Vikram Chandra (born 23 July 1961) is an Indian-American writer. His first novel, Red Earth and Pouring Rain, won the 1996 Commonwealth Writers' Prize for Best First Book.

==Early life==
Chandra was born in New Delhi in 1961. His father Navin Chandra was a business executive. His mother Kamna Chandra has written several Hindi films and plays. His sister Tanuja Chandra is a filmmaker and screenwriter who has also directed several films. His other sister Anupama Chopra is a film critic.

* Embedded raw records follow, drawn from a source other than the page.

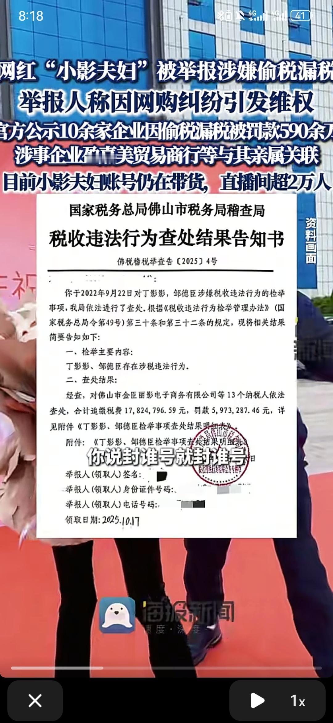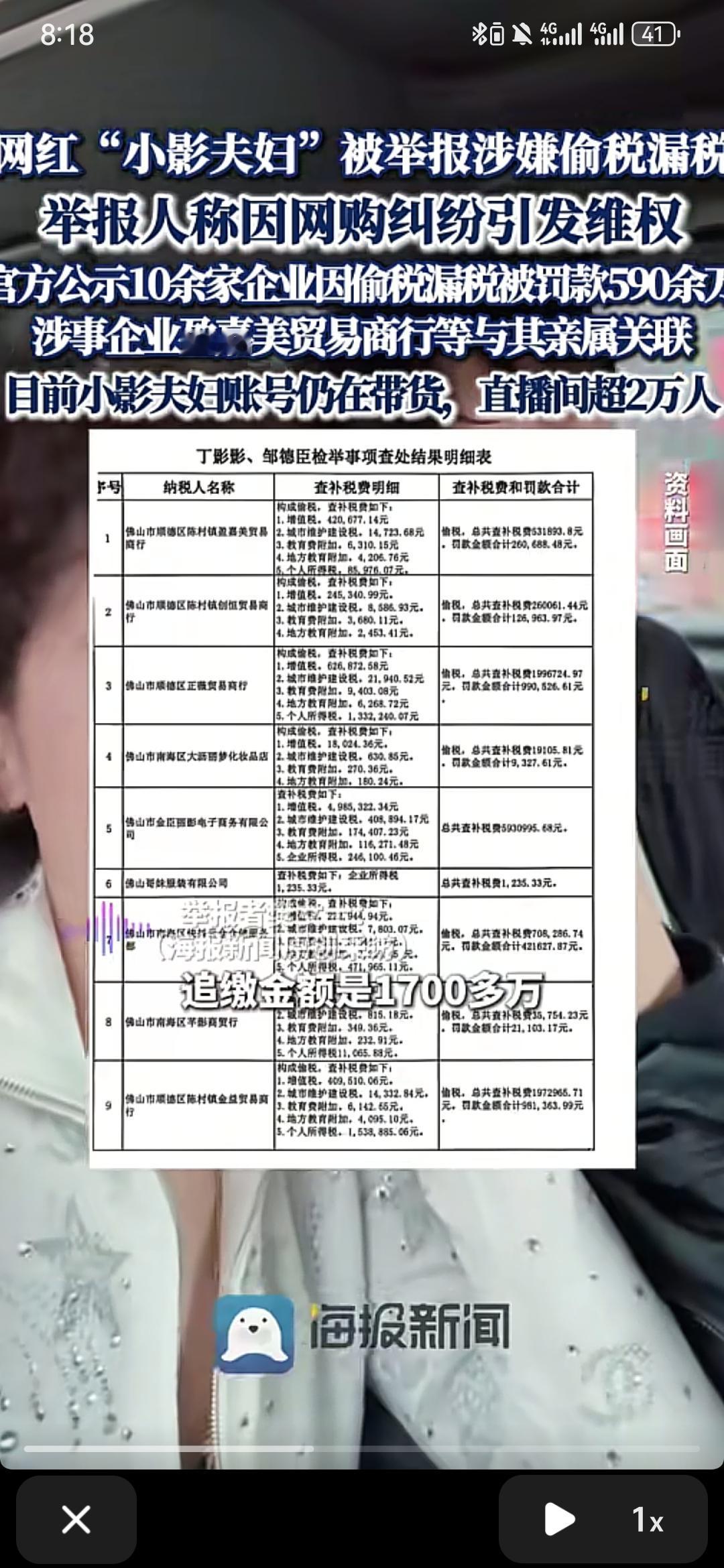 百万粉丝网红“小影夫妇”逃税!还不是一笔小数目,就在网友期待查杜星霖夫妇的税时,“小影夫妇”在直播间嚣张回应 “小影夫妇”在网上直播带货,粉丝也快近千万级别,收入可想而知,逃掉的税也不是小数目 他们还在直播间称自己是纳税大户,我看是“逃税大户”吧。13个纳税人被依法查处,合计追缴了近1800多万,罚款近600万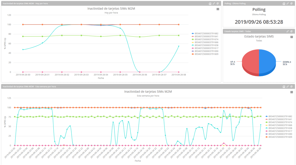 La plataforma M2M es capaz de monitorizar el estado de salud de un parque de tarjetas SIMs de una compañía. En tiempo real, permite identificar posibles problemas de comunicación, ya sea de una tarjeta individual o de alguna antena que provoque la falta de actividad de varias SIMs. La información de las tarjetas es correlacionada con los datos del negocio, aportando un valor añadido a la información de conectividad. Las SIMs se representan geolocalizadas en un mapa, permitiendo ver en todo momento su estado actual y su evolución en el tiempo. La plataforma M2M es compatible con todos los operadores de telefonía e integrable con los sistemas propios de gestión de alarma, calidad, seguridad, etc. de cada empresa.
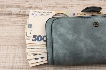Ukrainian currency. Five hundred hryvnia banknotes on wooden desk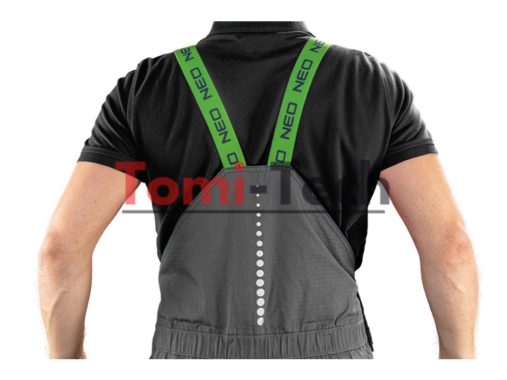 PRÉMIOVÉ pracovné montérky, 100 % bavlna, ripstopová tkanina, gramáž 210 g/m2, výstuhy z Cordury, držiak na identifikačný odznak - možno uložiť do vrecka, vysoké sedlo v chrbte, vrecko na chrániče kolien, elastický panel z Cordury Stretch v rozkroku pre väčšie pohodlie, výstuhy kolien z Cordury, reflexné potlače na nohaviciach a sedle, elastické traky, elastický pás, tvarované kolená, vnútorná menovka, jedinečný vlastný dizajn, certifikát CE, veľkosť SDodatočné parametre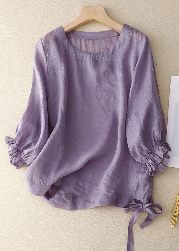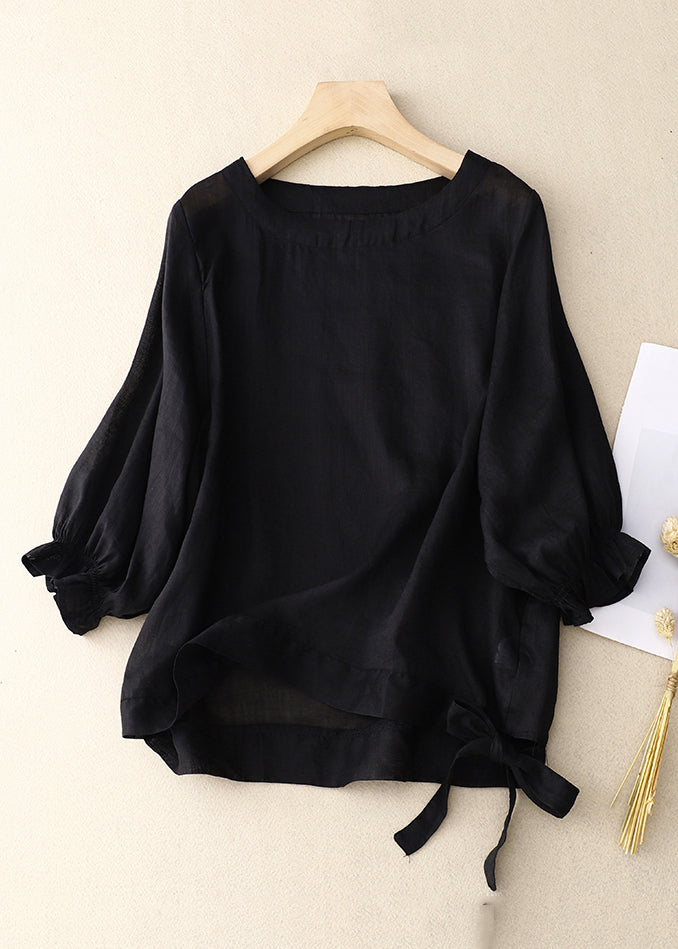 New Green O Neck Lace Up Cotton Shirt Bracelet Sleeve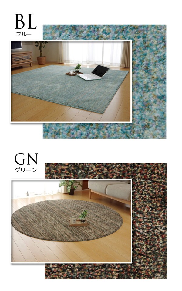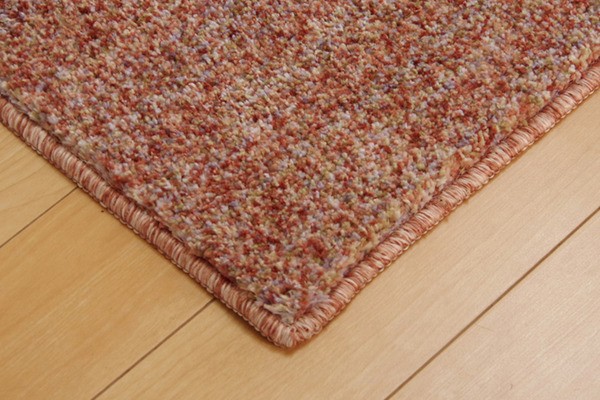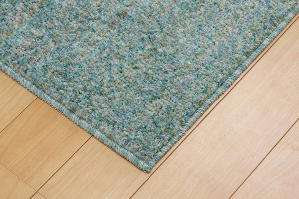 安心の日本製ふんわり多色MIXタフトラグです。多色多サイズ展開、お部屋に合わせてお選び下さい。基布には抗菌・防臭・防ダニ加工を施しておりますので、お子様にも安心です。パイル長約15mm、目付は1平方メートルあたり840gのボリュームタイプです。触っても基布が見えないくらいのふかふか、モコモコのボリュームを実感して下さい。パイル部分はレベルカット加工(表面をフラットにする加工)を施しておりますので、ふんわり柔らかい肌触りです。ホットカーペット、床暖房対応にも対応しています。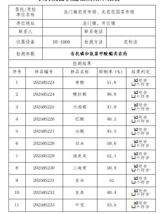 为确保“国庆﹒中秋”双节期间农产品质量安全,2025年9月28日县农产品质量安全检验检测中心对店门镇农贸市场、先农花园菜市场生产经营的蔬菜样品进行了农药残留抽样快速检验检测(对甲胺磷、甲拌磷、对硫磷、甲基对硫磷、氧乐果、毒死稗、氯氰菊酯、甲氰菊酯、氰戊菊酯、三氟氯氰菊酯、三唑酮、百菌清和乐果等20余种农药的综合含量进行快速检测),本次抽检蔬菜样品共36批次,其中合格样品36批次,抽检合格率为100%。(具体情况见附表)。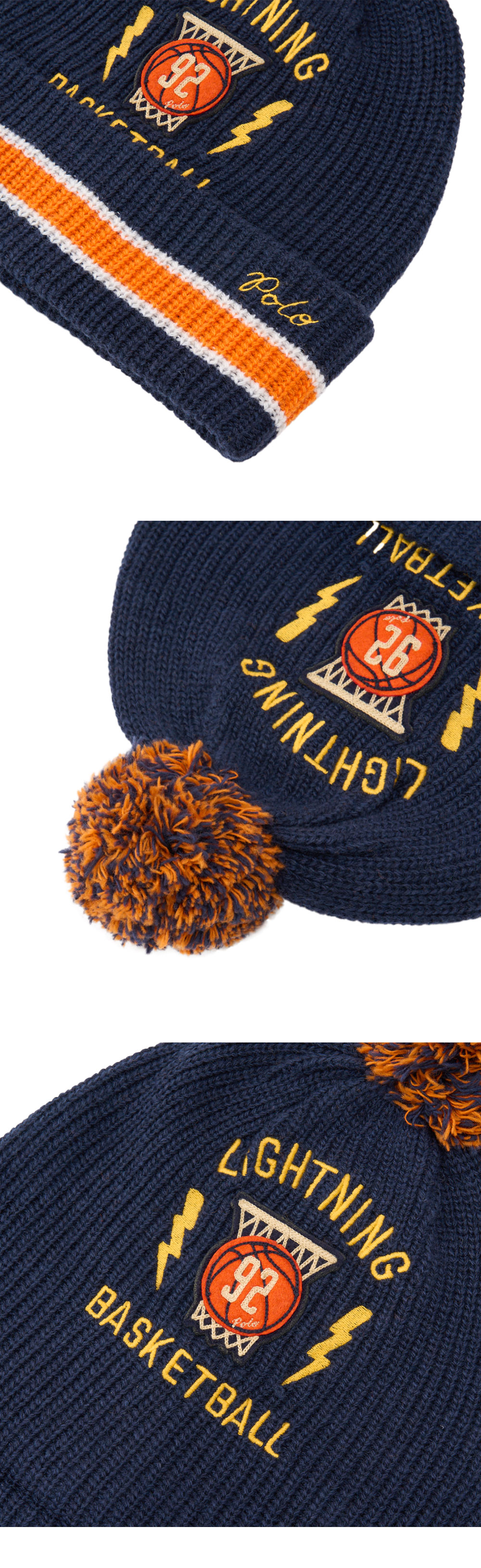 < KREAM은 랄프로렌 코리아 공식 파트너사로 모든 상품은 랄프로렌 코리아(유)에서 공급받은 정식 수입 제품입니다 > 바시티 스타일의 농구공 패치와 시그니처 자수가 돋보이는 부드러운 비니로, 스트라이프 커프 및 크라운에 폼폼 디테일로 마무리되었습니다.

Chandra did his high school education at Mayo College in Ajmer, Rajasthan where he was in Bikaner and Tonk house. He was batch of 1979 in Mayo College. He attended at St. Xavier's College in Mumbai and, as an undergraduate student, transferred to Kenyon College in the United States. Chandra felt isolated at Kenyon so he transferred to Pomona College, Claremont, California, where he graduated with a B.A. magna cum laude in English. He attended film school at Columbia University, leaving halfway through to begin work on his first novel. He received his M.A. from The Writing Seminars at Johns Hopkins University in 1987. He has taught at George Washington University, and lectured at University of California, Berkeley.

==Career==
Red Earth and Pouring Rain (1995), Chandra's first novel, was inspired by the autobiography of James Skinner - the Irish Raja of Hansi in Haryana, a legendary nineteenth-century Anglo-Indian soldier. It was published in 1995 by Penguin Books in India; by Faber and Faber in the UK; and by Little, Brown in the United States. It won the Commonwealth Writers Prize for Best First Book and the David Higham Prize for Fiction. The novel is named after a poem from the Kuruntokai, an anthology of Classical Tamil love poems.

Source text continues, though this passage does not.